• RECORDED DATA:
+++++

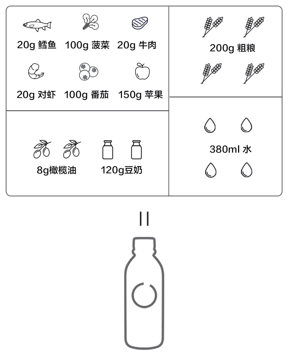 一瓶若饭热量为500大卡,其中各种营养物质等效于多种食物,平时一餐很难实现如此多样化。
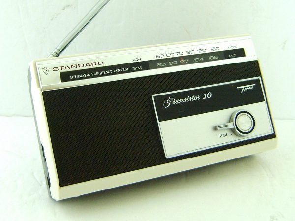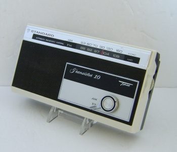 Offered here is this Standard 10 transistor AM/FM radio in excellent condition. Made in the mid 60’s, this high-quality transistor is a great performer. It is compact at only 6 1/2″ wide. This operates on 4 AA batteries and is in original condition with no repairs made or needed.
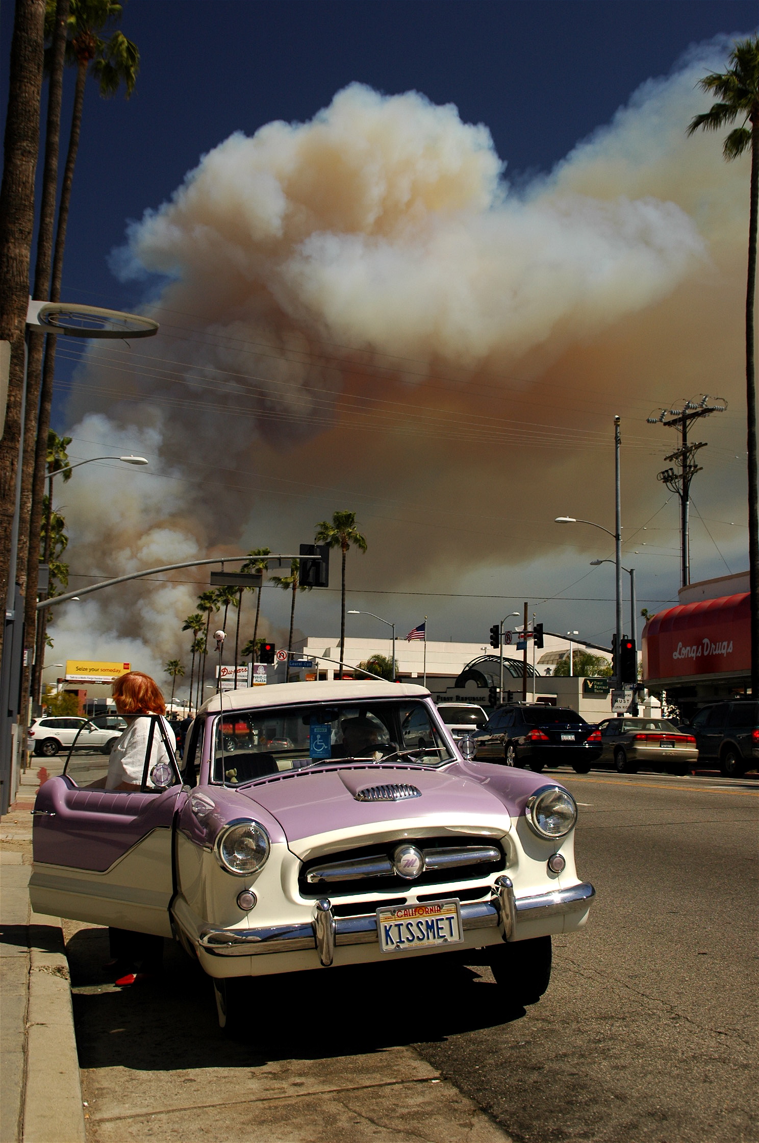 Today, around 12:30 PM, a car caught fire while parked in the Salvation Army lot at 6300 Sepulveda Blvd. in Van Nuys. I was driving past it on my way to Costco. I stopped, parked and recorded these photos and video of the event which was quickly extinguished by the LAFD.

+++++

• EXERCISE GOAL: Restate all of the material above word for word, excluding the pictures.

• OUTPUT FOR THIS EXERCISE:
 一瓶若饭热量为500大卡,其中各种营养物质等效于多种食物,平时一餐很难实现如此多样化。
 Offered here is this Standard 10 transistor AM/FM radio in excellent condition. Made in the mid 60’s, this high-quality transistor is a great performer. It is compact at only 6 1/2″ wide. This operates on 4 AA batteries and is in original condition with no repairs made or needed.
 Today, around 12:30 PM, a car caught fire while parked in the Salvation Army lot at 6300 Sepulveda Blvd. in Van Nuys. I was driving past it on my way to Costco. I stopped, parked and recorded these photos and video of the event which was quickly extinguished by the LAFD.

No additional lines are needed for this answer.